# EXTRACTED INFORMATION
* * *

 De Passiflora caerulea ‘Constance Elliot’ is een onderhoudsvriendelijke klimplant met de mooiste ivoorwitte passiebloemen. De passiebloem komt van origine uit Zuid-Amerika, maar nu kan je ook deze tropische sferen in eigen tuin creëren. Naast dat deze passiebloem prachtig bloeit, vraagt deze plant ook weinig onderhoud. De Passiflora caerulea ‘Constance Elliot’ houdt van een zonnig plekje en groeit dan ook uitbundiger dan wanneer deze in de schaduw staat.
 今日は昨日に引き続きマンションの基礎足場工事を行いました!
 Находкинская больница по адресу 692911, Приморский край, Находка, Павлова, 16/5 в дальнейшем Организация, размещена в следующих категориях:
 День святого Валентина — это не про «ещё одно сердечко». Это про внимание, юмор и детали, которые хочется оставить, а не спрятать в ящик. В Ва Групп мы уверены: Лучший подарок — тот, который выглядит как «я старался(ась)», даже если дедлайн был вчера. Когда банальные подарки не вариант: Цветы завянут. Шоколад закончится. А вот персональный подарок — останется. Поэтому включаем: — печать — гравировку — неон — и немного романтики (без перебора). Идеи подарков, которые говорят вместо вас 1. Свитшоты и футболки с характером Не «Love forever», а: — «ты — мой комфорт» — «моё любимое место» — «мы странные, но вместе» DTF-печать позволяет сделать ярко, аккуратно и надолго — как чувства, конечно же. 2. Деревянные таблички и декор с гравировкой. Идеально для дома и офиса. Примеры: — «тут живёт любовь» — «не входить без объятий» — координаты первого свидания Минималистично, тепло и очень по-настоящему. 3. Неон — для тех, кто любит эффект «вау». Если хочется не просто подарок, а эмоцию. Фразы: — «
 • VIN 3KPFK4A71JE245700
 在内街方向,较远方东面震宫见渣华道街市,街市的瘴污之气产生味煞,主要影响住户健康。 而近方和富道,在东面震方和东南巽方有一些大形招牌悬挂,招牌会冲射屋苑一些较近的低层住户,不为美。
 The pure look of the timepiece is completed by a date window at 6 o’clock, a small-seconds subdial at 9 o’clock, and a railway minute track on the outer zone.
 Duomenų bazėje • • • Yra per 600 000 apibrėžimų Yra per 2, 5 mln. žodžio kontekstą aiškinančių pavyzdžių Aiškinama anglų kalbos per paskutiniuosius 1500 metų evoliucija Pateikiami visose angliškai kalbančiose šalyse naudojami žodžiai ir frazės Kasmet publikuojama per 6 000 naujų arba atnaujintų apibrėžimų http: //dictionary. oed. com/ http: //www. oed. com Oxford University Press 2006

* * *

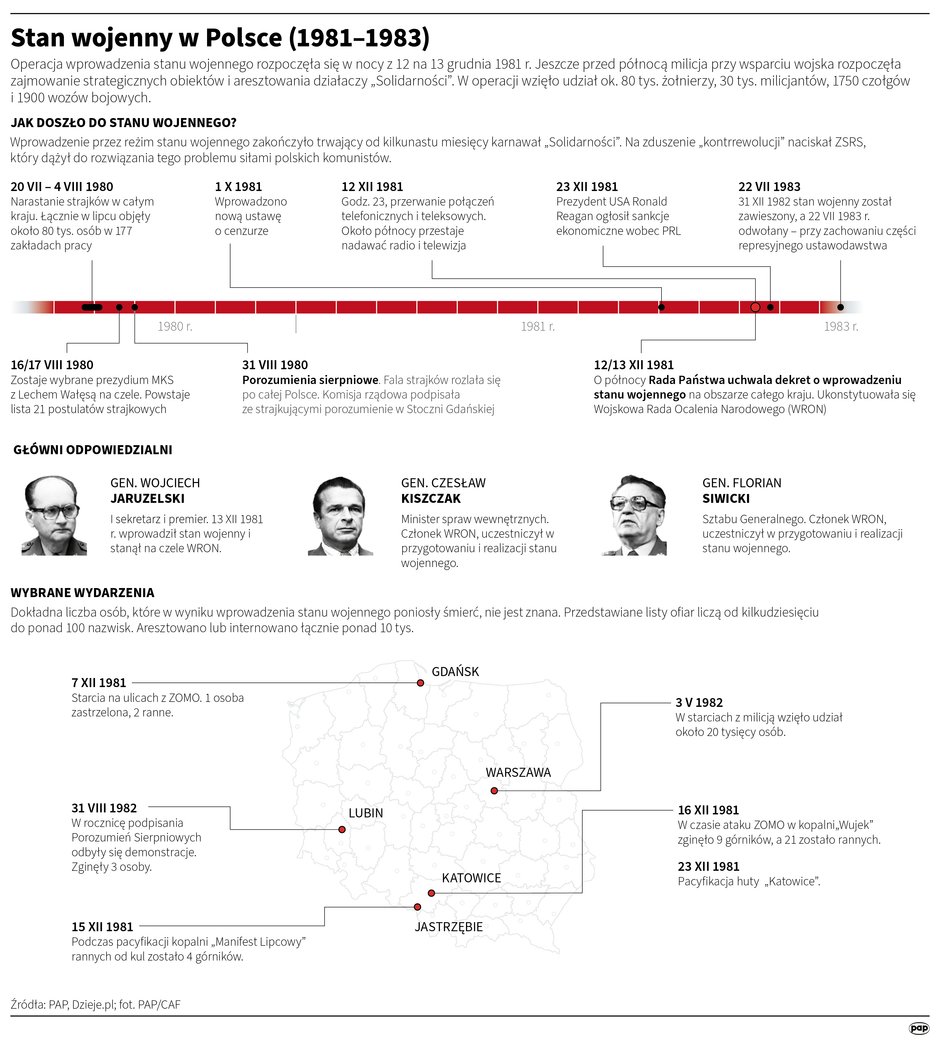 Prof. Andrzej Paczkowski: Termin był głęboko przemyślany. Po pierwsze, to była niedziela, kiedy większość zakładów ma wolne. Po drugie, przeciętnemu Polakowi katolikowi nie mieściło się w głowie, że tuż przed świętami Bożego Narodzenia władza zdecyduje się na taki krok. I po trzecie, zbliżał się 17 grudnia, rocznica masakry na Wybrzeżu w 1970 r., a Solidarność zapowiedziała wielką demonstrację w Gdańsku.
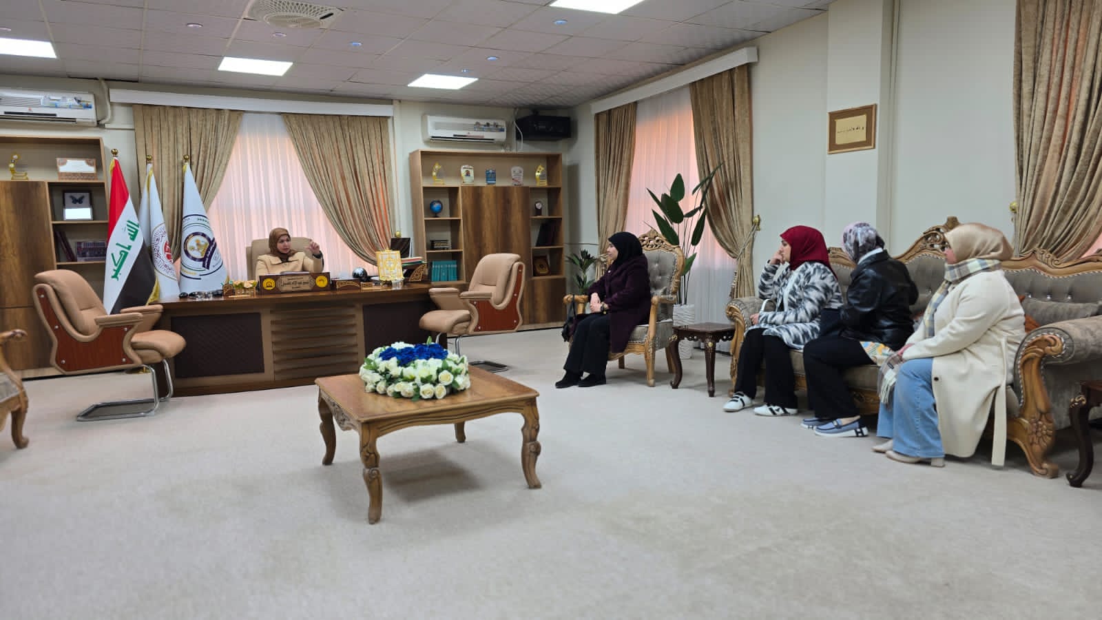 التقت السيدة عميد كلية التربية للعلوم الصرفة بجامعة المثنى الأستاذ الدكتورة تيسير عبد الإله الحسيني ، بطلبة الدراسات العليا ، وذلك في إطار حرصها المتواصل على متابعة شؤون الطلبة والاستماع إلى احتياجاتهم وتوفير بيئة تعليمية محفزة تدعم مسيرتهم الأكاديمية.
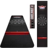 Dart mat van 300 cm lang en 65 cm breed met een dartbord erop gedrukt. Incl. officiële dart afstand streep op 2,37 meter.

* * *

Would you output, from the records above, exactly the run of lines that starts at the line containing "The pure look" and ends at the line containing "Duomenų bazėje •", and only that run?

 The pure look of the timepiece is completed by a date window at 6 o’clock, a small-seconds subdial at 9 o’clock, and a railway minute track on the outer zone.
 Duomenų bazėje • • • Yra per 600 000 apibrėžimų Yra per 2, 5 mln. žodžio kontekstą aiškinančių pavyzdžių Aiškinama anglų kalbos per paskutiniuosius 1500 metų evoliucija Pateikiami visose angliškai kalbančiose šalyse naudojami žodžiai ir frazės Kasmet publikuojama per 6 000 naujų arba atnaujintų apibrėžimų http: //dictionary. oed. com/ http: //www. oed. com Oxford University Press 2006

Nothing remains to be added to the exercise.